Smoothing Capacitor in home made PS

When I recently built a custom HTPC in an old tape deck it made me realize that testing LED's really requires a solid and stable power supply. I am designing and building one now (yes I am a total novice) and would like a sanity check on a few things. Attached is the diagram and the application will be for testing LED's, LCD's, and eventually setting up a laser projector of some type for my stereo system (I think I will use two to three 5 - 8mw lasers at this point so that is what I am trying to design for).

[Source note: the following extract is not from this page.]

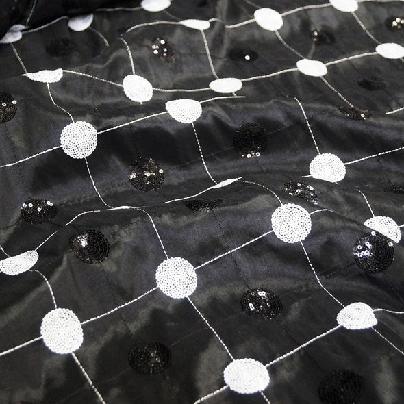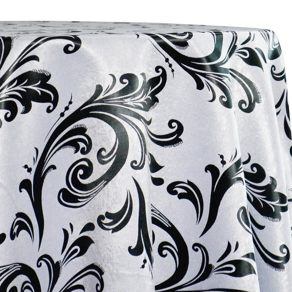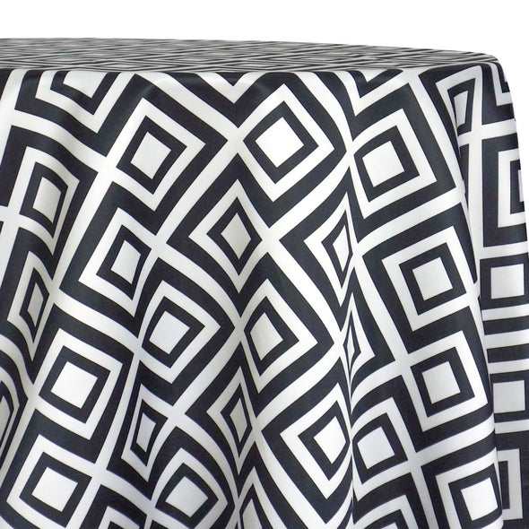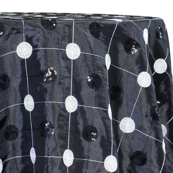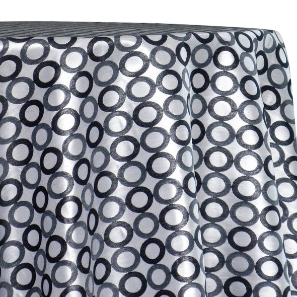 Funzie (Circle Hanging) Taffeta Table Linen in White on Black

Biggest question is on the smoothing capacitors. It looks to me like, here in the US, if I want to keep the voltage drop under 10% for .5A then I will need 42000uf of capacitance. That seems pretty high considering the power supply I found in a not so old stereo receiver only had two 6800uf capacitors. There is a lot of information on this on the internet but it seems to be more about theory than practice. Any Advice?

Second question, my plan is to do basic AC-DC conversion, smoothing, and regulation in the first half of the PS for outputs that are stable. Then those outputs will feed to manual switches. The switches will alow me to plug into modules that will further refine and smooth the DC power down to the precise power outputs I want. I want to protect the power supply, the modules, and the devices I plug into the final outputs. Should I build the protection in at the output modules since they will provide the final power outputs or in the first half before the power is switched. My thought was the power modules. Also I have assumed that this is overload protection, or is there other terms I should be researching?

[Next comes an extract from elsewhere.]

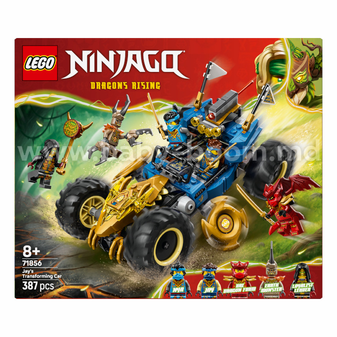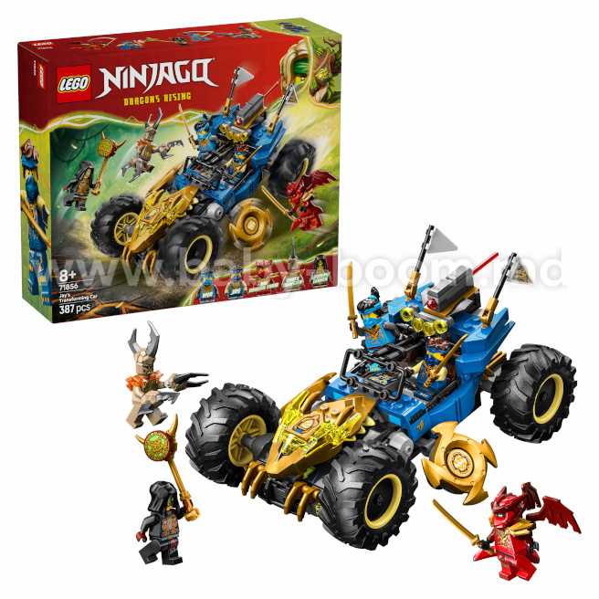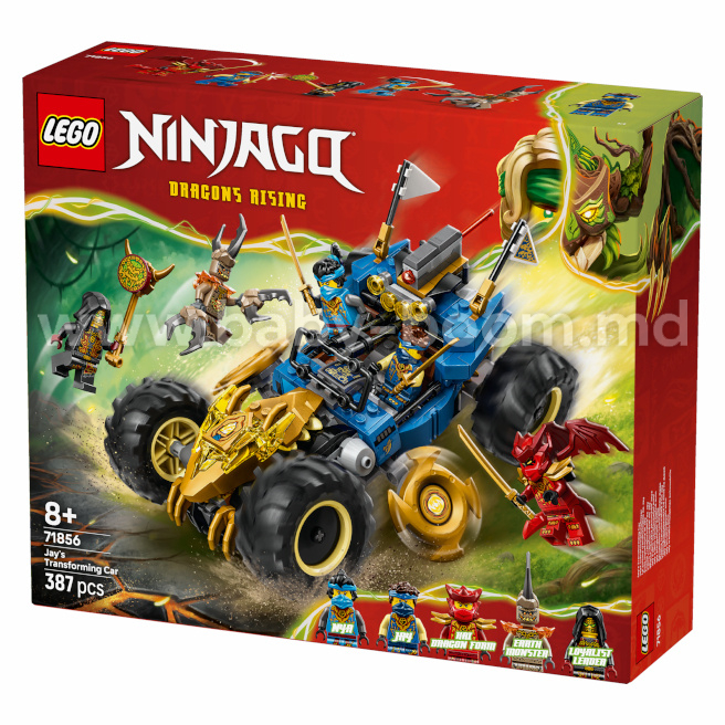 Băieții și fetele cu vârsta de peste 8 ani se pot bucura de ore întregi de joc dinamic cu setul LEGO® NINJAGO® „Mașina transformabilă a lui Jay” (71856). Această jucărie 2 în 1 sub forma unei mașini de curse ninja poate fi folosită pentru joacă și expunere în două variante: în modul normal sau în modul dragon, pentru care trebuie să răsturnați partea din față, deschizând ghearele aurii, capul dragonului și shurikenele rotative.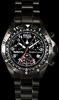 Chase-Durer 146.4BB4-BR12 Special Forces Air Assault Team Chronograph watch with two time zones. Swiss made chronograph with 22 jewels Swiss ETA 251.272 quartz chronograph movement with date calendar, black PVD solid 316L stainless steel case, unidirectional bezel with 12-hour dual time zone and 360 degree compass heading marker, screw-down crown with shoulder guard, black color dial with Superluminova illumination system on hands and Arabic numerals, black PVD solid 316L stainless steel watch bracelet with double lock security clasp. 100m water resistance. Serial numbered.

If the diagram is too small to read let me know please.

That diagram is incorrect unless you mean 24.4peak VAC (AC voltage is generally stated in RMS values). Actual voltage after rectification for 24.4VAC RMS would be ~34VDC. I'll assume 34VDC after the rectifier, and you can always change the values later. The lm317 will need to have at least 2.5V of headroom to operate properly.

For a fullwave rectifier, the peak-to-peak ripple voltage is: V = I/2fC where I is current, f is AC frequency, and C is capacitance.

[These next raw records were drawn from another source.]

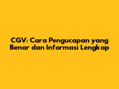 CGV: Cara Pengucapan Yang Benar Dan Informasi Lengkap
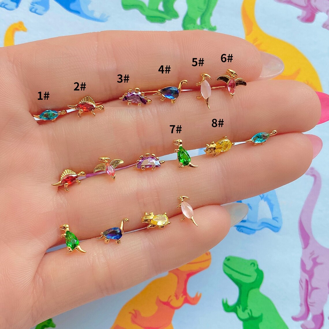- Gold dinosaur earrings free shipping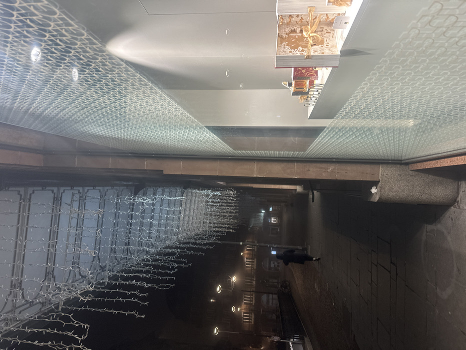 The image depicts a nighttime street scene in Strasbourg, France, characterized by a hazy atmosphere and artificial lighting. The perspective is from a partially covered sidewalk looking down a cobblestone street. On the immediate right, a large storefront window displays various items, primarily luxury perfume bottles and decorative open books, some tied with gold ribbons, on white shelves. The word "GUERLAIN" is visible on a display stand. The window glass features a patterned, semi-transparent film or etching with repetitive geometric shapes, and several internal spotlights illuminate the merchandise. To the left of the storefront, a stone column marks the start of an architectural arcade or covered walkway. Overhead, numerous strands of white LED string lights, likely seasonal decorations, are suspended, creating a bright canopy. On the cobblestone pavement beneath the arcade, a single individual, seen from behind, walks away from the viewer towards the dimly lit background. The person is dressed in dark clothing, possibly a coat. The ground appears damp or reflective. Further down the street, multiple streetlights with luminous halos pierce the haze, illuminating historical buildings with warm, glowing windows. Bicycles are partially visible parked on the left side of the street near a railing. The overall scene conveys a quiet, late-night or early-morning urban environment.

For the 24V line, a 10% ripple would require:

V = I/2fC
3.4 = 0.5/(120C)
C=0.5/(2.4*120)
C≈1740µF

Running the numbers for the other two voltages yield ≈2440µF for the 13V, and ≈7300µF for the 5V.

Thanks a million for the formulas and the figures. The VAC I listed is what I read off the multimeter since I could not find a datasheet for the transformer. I figured with no load it would be slightly off but I thought it would only be ~.2v. Then I read it would be a an average of 1.4v drop from the rectifier. Thanks and I will see if I can figure out where I went wrong.

Is the frequency 120 because the full wave rectifier uses both halves of the AC waveform?

The LM317 does a good job of smoothing out a lot of the noise in signals. You can take a look at this copy of the TREAD power supply schematic (attached to message) and adapt it to your needs. It was designed for clean power for audio systems.

Here is an archived link of how to build that power supply.

Great info, looking over it and the faq has answered a number of questions I am having. I have already started a slightly modified design of a schematic I found and will definitely be adding in the filter capacitors at the bridge diodes. LM317 Linear power supply Regulator selector 1.5V,3V,4.5V,5V,6V,9V 1.5A circuit : electronic circuit diagrams Latest, schematics, electronic projects

Thank you for taking time to provide these links.

Note that the LM317 is only good for about 32V input, 34V after regulation is probably pushing it a bit, and it's going to get HOT. And I mean extremely hot.

I do have a number of big aluminum heatsinks to choose from and planned to use one. As well the transformer has a couple of secondarys that I didn't have slated for usage so I will probably work one of them to a fan. Thank you for the heads up.

I want to thank all of you for your help. I have just completed the first circuit I have ever built, beyond putting a resistor in front of an LED on a custom case, and it is somewhat of a success. Instead of having the outputs at 1.5V,3V,4.5V,5V,6V,9V, they are instead at 1.38v,5.04v,7.25v,7.78v,8.72v,10.52v.

Close enough that I should be able to work the bugs out. Thanks again for the information.